# roof ideas



## vankicha (Jan 10, 2021)

hi i have a vertical hip roof i am adding a vertical addition 12 width 45 width but i am not sure what type of roof to join i am also interested in 5 dormers on the new addition roof and i don't want to make it a 2 story. any ideas would be great.


----------



## vankicha (Jan 10, 2021)

vankicha said:


> hi i have a vertical hip roof i am adding a vertical addition 12 width 45 width but i am not sure what type of roof to join i am also interested in 5 dormers on the new addition roof and i don't want to make it a 2 story. any ideas would be great.


*12 width by 45 length


----------



## griz (Nov 26, 2009)

What is a vertical hip????


----------



## Randy Bush (Mar 7, 2011)

griz said:


> What is a vertical hip????


One that is standing up and not laying down . 🤣


----------



## wallmaxx (Jun 18, 2007)

The numbers came through but I don't see units or other info.....need more input.


----------



## hdavis (Feb 14, 2012)

Maybe start with what's your native language.
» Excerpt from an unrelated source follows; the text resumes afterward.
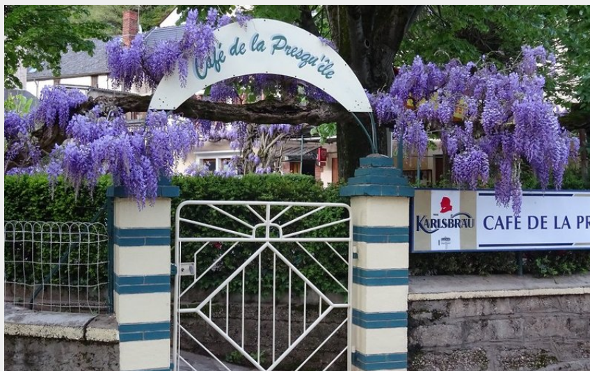
Façade Café de la Presqu'île Ambialet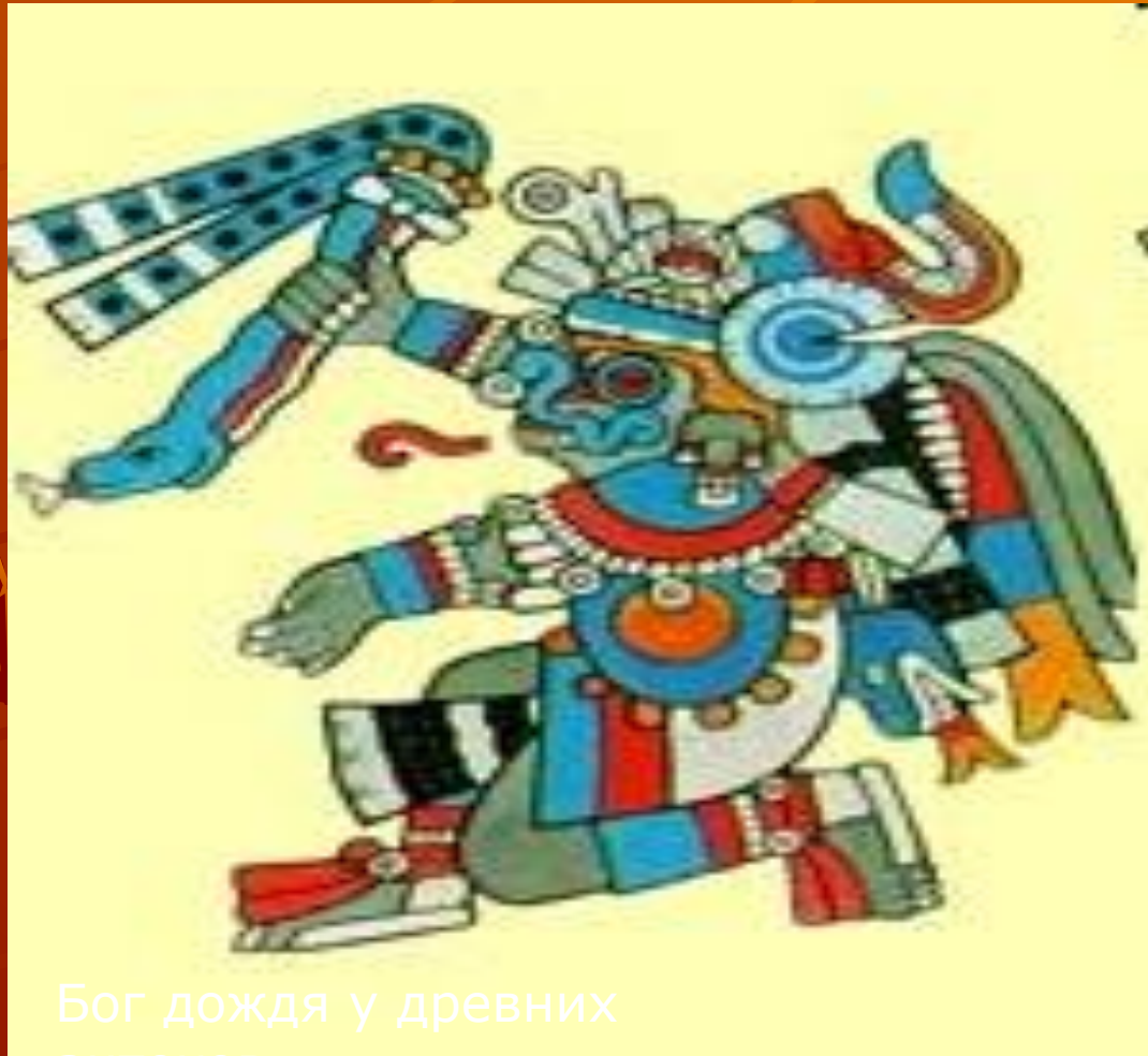
Бог дождя у древних ацтеков

Or sketches, so we can see what you're talking about.


----------



## griz (Nov 26, 2009)

Nassau....


----------



## hdavis (Feb 14, 2012)

Mansard could be viewed as a stood up hipped roof, but I'm just guessing.


----------



## King Chemical Services (Jan 19, 2021)

A good option could be Gable Roofs with Dormers or an extended Butterfly Roof can also be an addition.


----------